Spittlebug (Family Cercopidae)

Howdy, BugFans,

“Snake spit,” “Cuckoo Spit,” and “Frog spit” are names for these bubbly masses of foam that are seen on grasses, wildflowers, and even in trees. They are manufactured by the nymph (immature form) of a critter called a froghopper or spittlebug, a bug whose immature stage is better known than its adult. Froghoppers, named for their gait and homely appearance, are similar to leafhoppers (of previous BOTW fame). A leafhopper has an orderly row of spines down its hind tibia (BugSpeak for back leg), and a froghopper has a few random, larger spines. A ½” long adult froghopper would be a pretty large froghopper. You can have a close encounter with an adult froghopper by walking into just about any field around here in summer, sitting down, and then checking out the small insect fauna that take up temporary residence on your jeans.

A very common sight in early summer on herbaceous plants

Spittlebugs

Spittlebugs overwinter as eggs and hatch in spring. The light-colored (usually green), soft-bodied nymphs suck plant juices—lots and lots and lots of plant juices. Many species are picky eaters, favoring particular host plants, and some are considered pests. Standing head down on a plant stem, they insert their sharp beak into the stem and start feeding. As the excess plant juice exits to the rear, it is mixed with a mucilaginous substance produced in two of their final abdominal segments, and air is whipped into this stuff by finger-like appendages located on the tip of the abdomen. The BugLady would like to tell you with a straight face that spittlebugs are in the Family Cappuccinidae, but they aren’t; they’re in Family Cercopidae, in the Order Homoptera.

A few trees, like this white pine, are also visited by spittlebugs

This mixture of ingredients is resilient enough to last for days and to stay intact through heavy rainstorms. One mass of bubbles may hold several nymphs as well as an inquiline, the larva of a Drosophila/Vinegar fly called Drosophila sigmoides. The fly larva gets free food and a roof over its head but contributes nothing to the arrangement. It’s not every day that the BugLady gets to use two of her favorite vocabulary words—inquiline (tenant) and mucilaginous (mucilaginous) in the same episode.

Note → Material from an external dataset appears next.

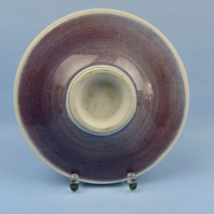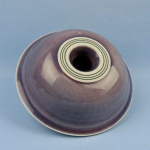 Geglazuurde porseleinen vaas op subtiele voet. De vaas heeft een geometrisch decor met ingelegde blauw-witte ringen. De vaas heeft een diameter van 14 cm en is 7 cm hoog. Duidelijk monogram in de voet. Fraai paars hoogglans glazuur.
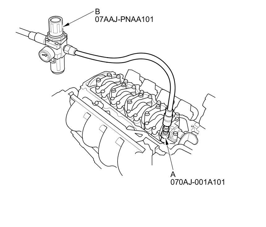 5. Install the VCM air adapter (A) to the inspection hole, then connect the air pressure regulator (B).

Why expend the energy to produce spit? The bubbles provide humidity that keeps the nymph’s soft body soft, and the mass of spit also helps it breathe. Inside the froth, nymphs are effectively hidden from predators, though several sources say that it is the spit’s bitter taste rather than its appearance that provides the protection (the BugLady assumes that some intrepid scientist has tasted it). Having produced this “super-spit,” you would think the nymphs would stay put, but they don’t. They molt and move several times, creating a fresh home each time they do. Spit-dwellers or not, they are found and parasitized by some tiny wasps.

They continue this routine until they mature into adults. Homopterans do Simple Metamorphosis—the nymphs simply grow more and more like adults with each molt until, after a final molt, they are adults. No cocoon or resting-changing pupal stage for them! Adults are a drab brown/green/gray/sometimes striped. They eat the same food as the nymphs, and they eat it in the same way, but they can no longer produce spit. They can locomote as adults by flying or by leaping. Once outside their foamy shelter, they are eaten by birds and collected by solitary wasps.